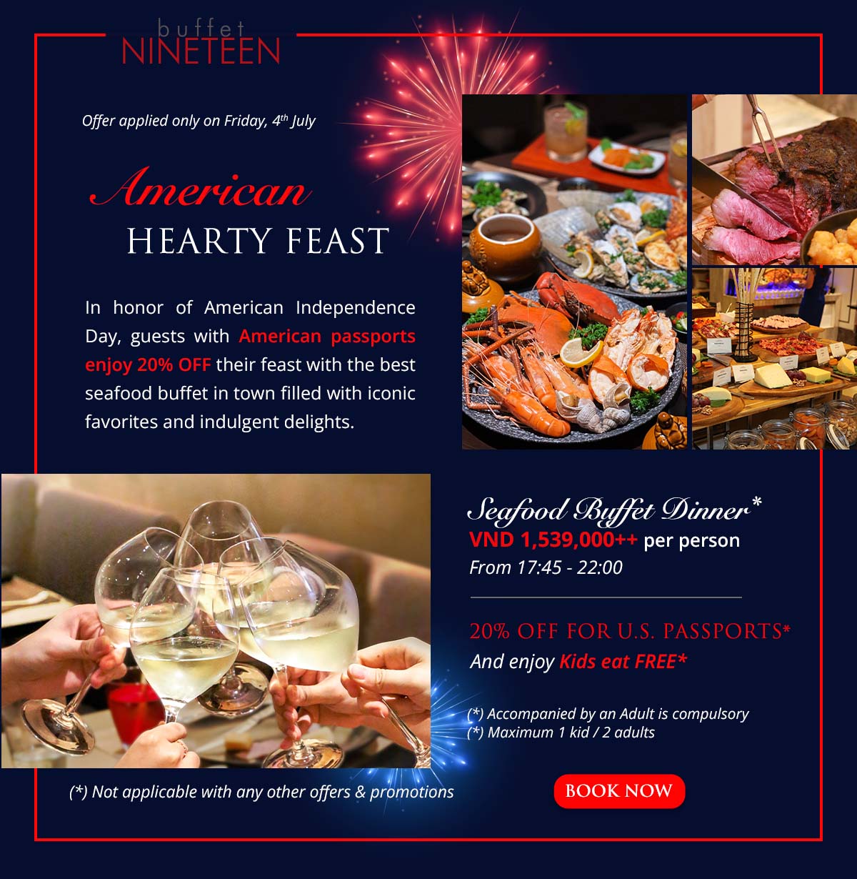 In honor of American Independence Day, on Friday, July 4th, guests with American passports enjoy 20% OFF their feast at Buffet NINETEEN, featuring the best seafood buffet in town, filled with iconic favorites and indulgent delights. Besides lavish seafood, savor iconic offerings like premium Wagyu beef burgers, flavorful hot dog, crispy fried chicken, cheese & cold cuts. Treat yourself to premium Texas BBQ beef rib and Coca-Cola BBQ pork ribs at the Carving Station and conclude your feast with the sweet delights of classic Apple pies & New York cheesecake.
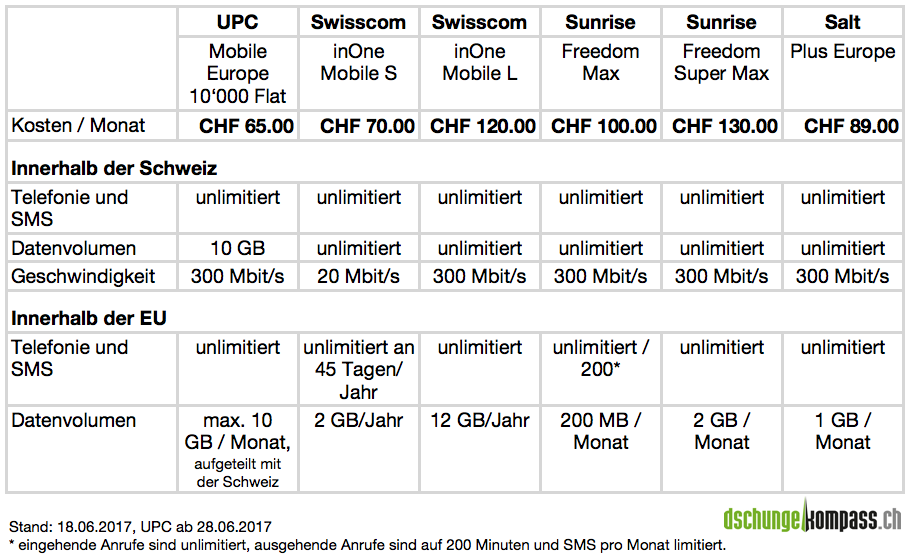 Aufgrund der verschiedenen Eigenschaften wie Datenvolumen und Surfgeschwindigkeit, Roamingguthaben, Standardtarifen, Zusatzoptionen und Datenpaketen gestaltet sich ein direkter und vor allem vollständiger Vergleich in Tabellenform immer schwieriger. Dschungelkompass bietet den einzig vollständigen Tarifrechner der Schweiz an, der unter Einbezug von allen Tarifen und Flatrate-Eigenschaften für die Schweiz, ins Ausland oder im Ausland (Roaming) für jedes Land und jedes erdenkliche Nutzungsprofil die Kosten aller Schweizer Angebote berechnen kann. Die Nutzung ist kostenlos und zeigt alle Möglichkeiten mit Zusatzoptionen an.
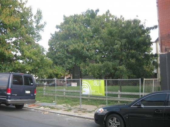 Across the street from a somewhat controversial lot-turned-garden, fencing went up around another long-vacant lot a few weeks ago, ostensibly in preparation for new construction. As you may have supposed from the signs that are up on the fence, this project will come from OCF Holdings, a sister company of the new coffee shop across the street. And, uh, this blog, too.
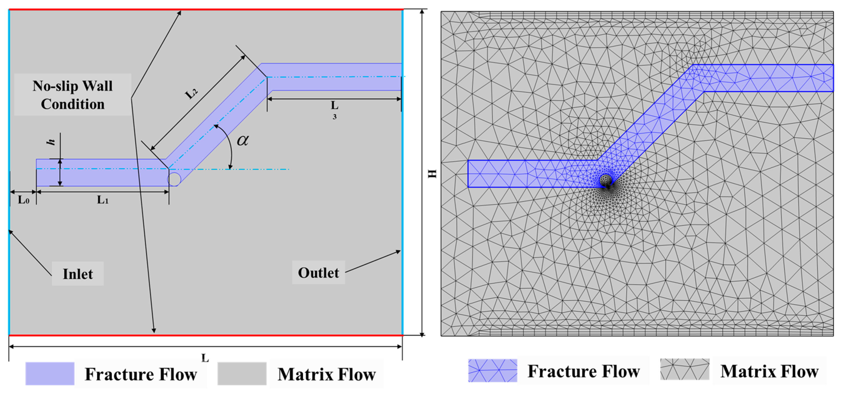 The fluid enters the system from the left porous medium boundary, flows through the partially filled fractures and the rock matrix, and exits through the right fracture boundary and the porous medium outlet. It should be noted that, as the fractures are fully embedded within the porous domain, fluid from the porous medium can seep into the fracture channel through the up-per/lower and left boundaries of the fracture, eventually converging at the right outlet. The tortuous fracture is embedded within the rock matrix and consists of two horizontal segments and one inclined segment. The fracture walls are defined as smooth no-slip boundaries, while the fracture interior is modeled as a homogeneous porous medium characterized by particle diameter (d). The left boundary of the model is connected to an underground water source, while the right boundary serves as the outlet. The rock matrix has a height H and width S. The three fracture segments have lengths L1, L2, and L3, respectively, with a uniform aperture ‘h’. The fracture tortuosity of the inclined fracture is α. A standardized meshing strategy was implemented to balance computational accuracy and efficiency. The fluid was assumed to be a single-phase, incompressible, laminar flow. The numerical model was constructed at a millimeter geometric scale, and the permeability of the porous medium was considered isotropic.
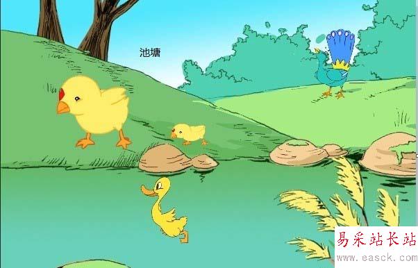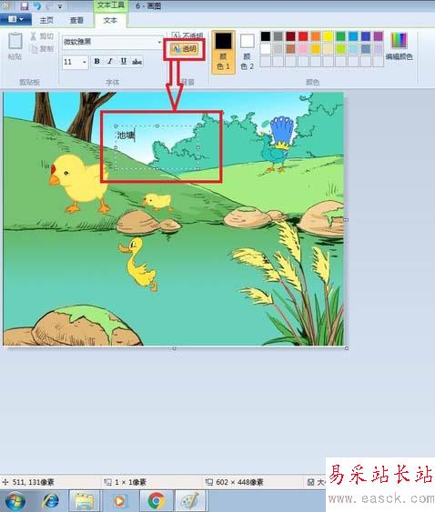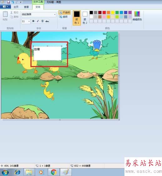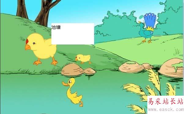 5、發現輸入的文字池塘將下面的畫遮住了,很不協調。
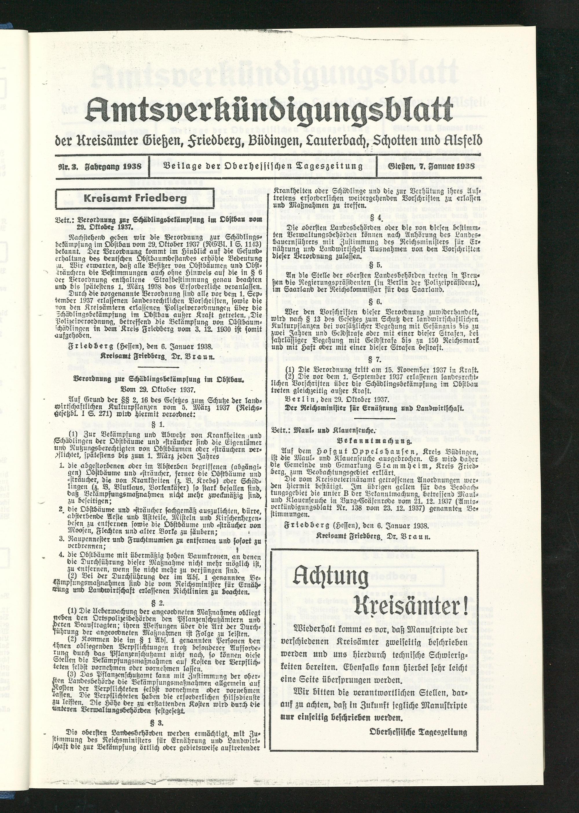 Amtsverkündigungsblatt der Landkreise Gießen, Friedberg, Büdingen, Lauterbach und Alsfeld. 1937-1939
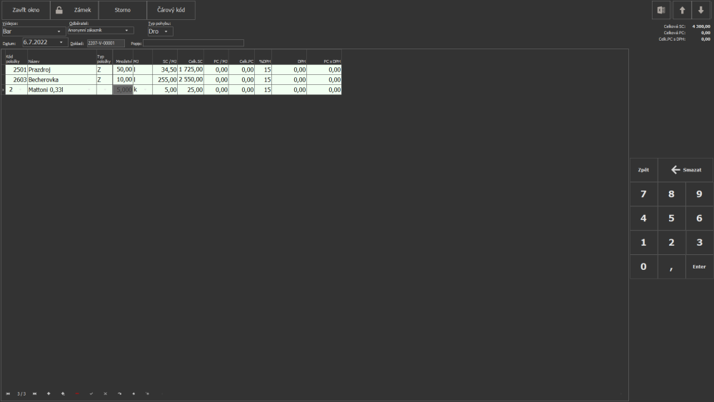 Po stisknutí na vás vyjede okno pro vytvoření dokladu, pracuje se s ním stejně, jako když vytváříme doklad ve SmartPOS Manažerovi.
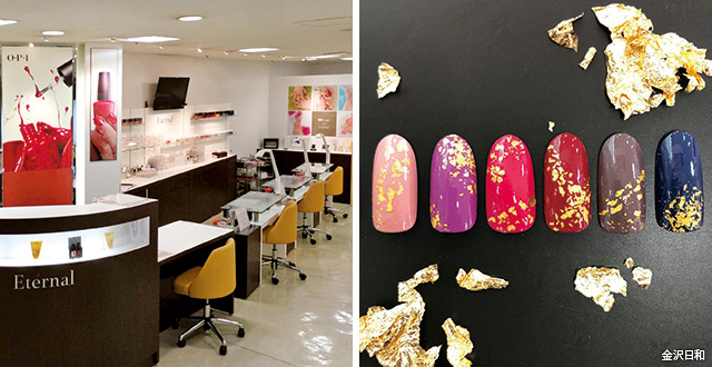 『エターナル』は近江町市場向いの百貨店『金沢エムザ』の2階にある実績豊富なサロン。「金沢の伝統工芸の一つ金箔で、旅の思い出にネイルを」という人が増えていて、施術後5分で乾く金箔ネイルが好評。足の疲れた人にはフットケアもおすすめ。
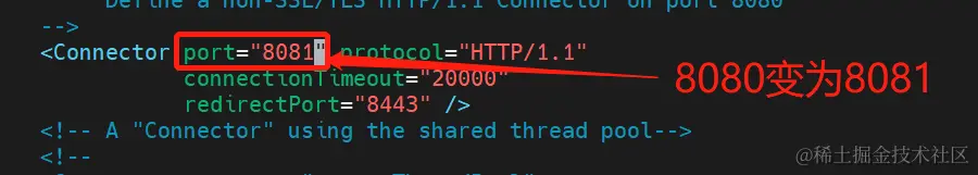 5、修改 tomcat2 中的 server.xml 文件,要求各 tomcat 实例配置不能有重复的端口号
◆ ◆ ◆ ◆
■ **WHAT THE TASK ASKS**
The stretch to restate runs from the line above containing "5、發現輸入的文字池塘將下面的畫遮住了,很不協調。" through the line containing "Amtsverkündigungsblatt der Landkreise". Copy it word for word, ends included, without pictures.

■ **THE ANSWER**
 5、發現輸入的文字池塘將下面的畫遮住了,很不協調。
 Amtsverkündigungsblatt der Landkreise Gießen, Friedberg, Büdingen, Lauterbach und Alsfeld. 1937-1939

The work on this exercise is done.